Noch war es nicht so weit. Aber wenige Tage vor seinem Tod mit 41 Jahren am 25. April 1667 empfahl Hermano Pedro seinen Mitbrüdern, einen Oberen zu wählen - und schlug ihnen Bruder Rodrigo de la Santa Cruz vor. Dieser Bruder hatte - bevor er Pedro begegnet war - den glanzvollen Namen Rodrigo de Arias y Maldonado, Marquis von Talamanca und königlicher Gouverneur von Costa Rica, getragen. Bruder Rodrigo gelang es, stufenweise die kirchliche Anerkennung für die neue Gemeinschaft zu erlangen, zunächst als Bruderschaft, dann 1687 die päpstliche Anerkennung als Kongregation nach der Regel des Heiligen Augustinus. Den drei üblichen Ordensgelübden wurde ein viertes hinzugefügt: Die Verpflichtung, sich um Kranke - «gleichgültig ob sie Christen oder Ungläubige sind» - anzunehmen, auch solche mit ansteckenden Krankheiten.
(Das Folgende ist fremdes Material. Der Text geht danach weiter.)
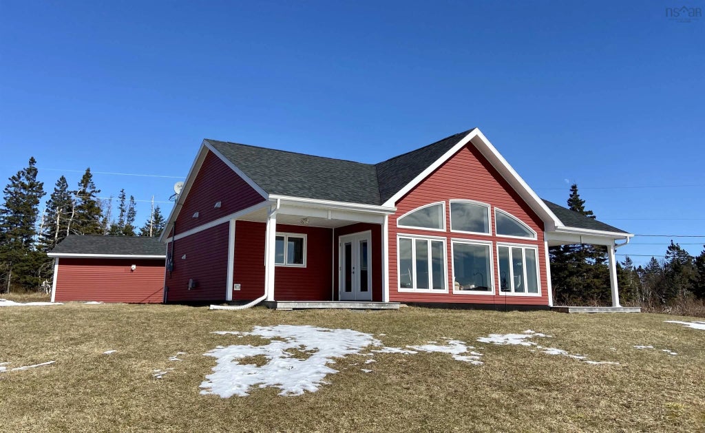 Welcome to 151 Burkes Road in picturesque French Cove, Cape Breton, Nova Scotia. This spectacular 3 bedroom home with incredible views of the Bras d’Or Lake is just 7 years old! The spacious home is perfect for a family or the host. Walk into a welcoming open concept kitchen, dining room and livingroom with cathedral ceilings and a warm fireplace. Large windows in the main room allow for beautiful natural light during the day. The primary bedroom with ensuite bath and soaker tub is lovely. The primary also boasts a large walk in closet and a walk out, sheltered patio that’s angled to enjoy morning sunrises while minimizing any breeze. The second deck is west facing for beautiful sunsets. On the other side of the home there are two large bedrooms and a 3 piece bath with a stand up shower. Another incredible feature of this home and property is the garage with studio! Wired, heated and insulated this is a great spot to retreat, relax and play some music or have another recreational space! The home is located in a very private setting with lots of space between neighbours. Just a 7 minute drive to local amenities of St. Peters and a 25 minute drive to Dundee Golf Course. This home and property have it all and can be yours. Call or text today for more information!

Die neue Gemeinschaft war zunächst ein reiner Laienorden. Erst das 3. Generalkapitel in Lima 1721 erlaubte die Priesterweihe von zwei Mitgliedern pro Gemeinschaft. Sie mussten mindestens schon zehn Jahre im Orden gelebt haben und blieben von allen verantwortlichen Positionen ausgeschlossen.
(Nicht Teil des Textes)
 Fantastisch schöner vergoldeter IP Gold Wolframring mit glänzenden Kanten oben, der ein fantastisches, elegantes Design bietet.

Der Orden breitete sich während des 18. Jahrhunderts in ganz Lateinamerika, aber auch auf den Kanarischen Inseln aus. Zu Beginn des 19. Jahrhunderts zählten die «Bethlehemiten» rund 500 Ordensbrüder, 32 große Krankenhäuser in Lateinamerika, vor allem in Peru und Mexiko, zahlreiche Schulen. Aber wie so viele Einrichtungen der katholischen Kirche in Lateinamerika gerieten auch die Bethlehemiten in den Strudel der politischen Entwicklung. 1820 verordnete das soeben an die Macht gekommene «liberale» spanische Parlament (die Cortes von Cadiz) die Auflösung der Bethlehemiten - wie praktisch aller Ordensgemeinschaften im spanischen Weltreich von Madrid bis Mexiko und Manila. Dass 1813 im Maria-Himmelfahrts-Spital der Bethlehemiten in Ciudad de Guatemala ein «pronunciamiento» für die Unabhängigkeit des Landes stattgefunden hatte, mag die Entscheidung der Cortes beflügelt haben. Schon 1821 wurde Guatemala tatsächlich unabhängig, aber der Bethlehemitenorden war bereits zerschlagen.
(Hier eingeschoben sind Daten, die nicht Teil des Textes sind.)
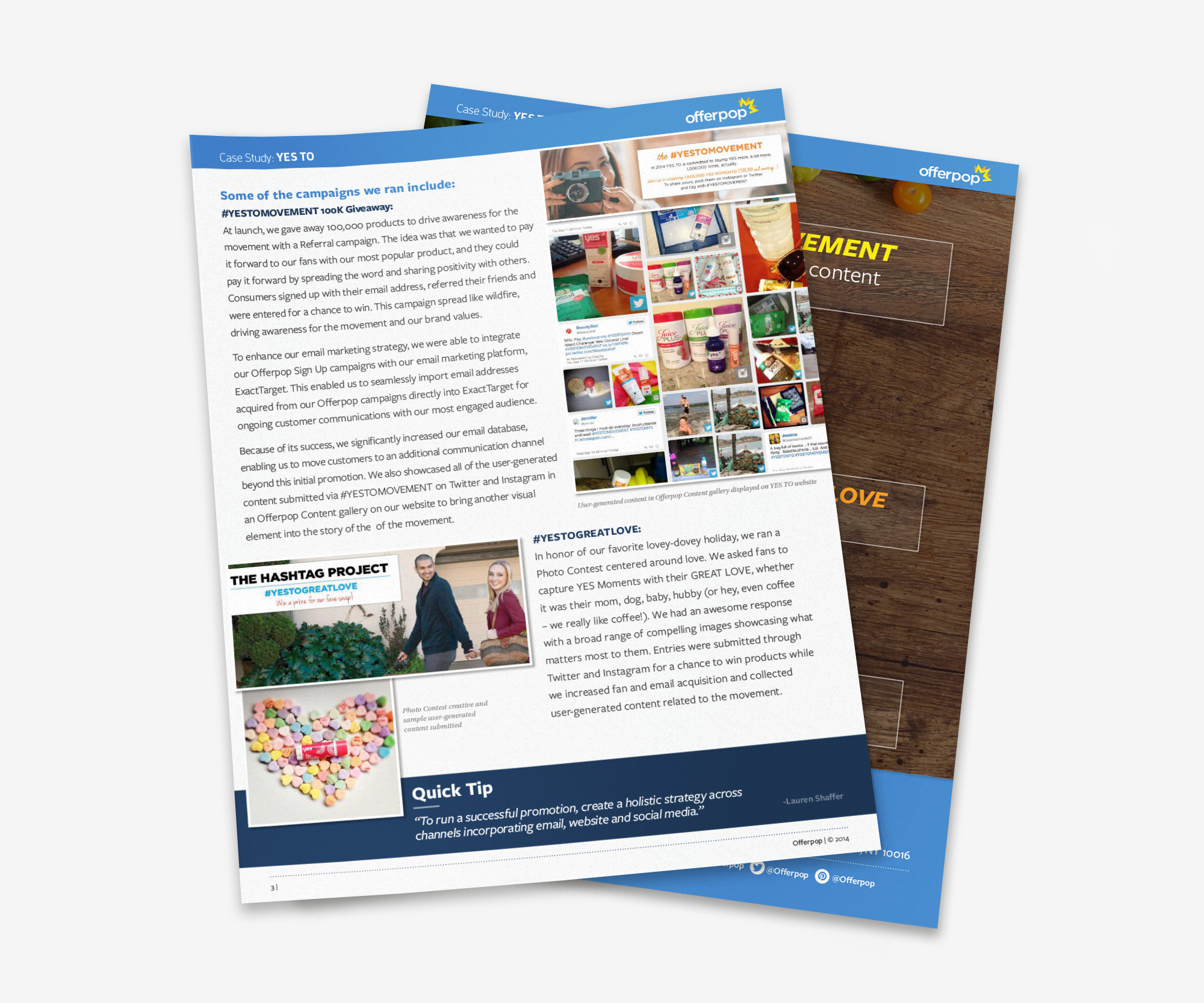 Developed Offerpop’s first corporate brand guide and creative direction for marketing materials such as case studies and product sheets

Nur der weibliche Ordenszweig überlebte. Er hatte sich in der Glanzzeit der Bethlehemiten auf ein einziges kontemplatives Kloster in Guatemala beschränkt. Im 19. Jahrhundert wandelte Schwester Maria Encarnacion Rosal - sie wurde 1997 selig gesprochen - die kontemplative Gemeinschaft in eine Schulkongregation um. Die erste Schule wurde 1861 in Quezaltenango gegründet. Schon zehn Jahre später, als Präsident Justo Rufino Barrios die Macht ergriff, mussten die Schwestern das Land verlassen; Präsident Barrios, ein kämpferischer Jakobiner und Antiklerikaler, duldete keine Priester und Ordensleute in Guatemala; aus der Kathedrale der Hauptstadt machte er einen «Tempel der Vernunft».
Die Seligsprechung Pedro de San Jose de Betancurs 1980 löste dann die Restauration des männlichen Ordenszweigs aus. Der Ordinariatskanzler der kanarischen Heimatdiözese Pedros, Luis Alvarez Garcia, sammelte eine Gruppe junger Guatemalteken um sich, die das Ideal des großen «Freundes der Armen» wiederbeleben wollten. 1987 genehmigte der Vatikan die Wiedergründung des Ordens, der heute wieder zwei Gemeinschaften - in La Laguna auf den Kanarischen Inseln und in Guatemala - hat.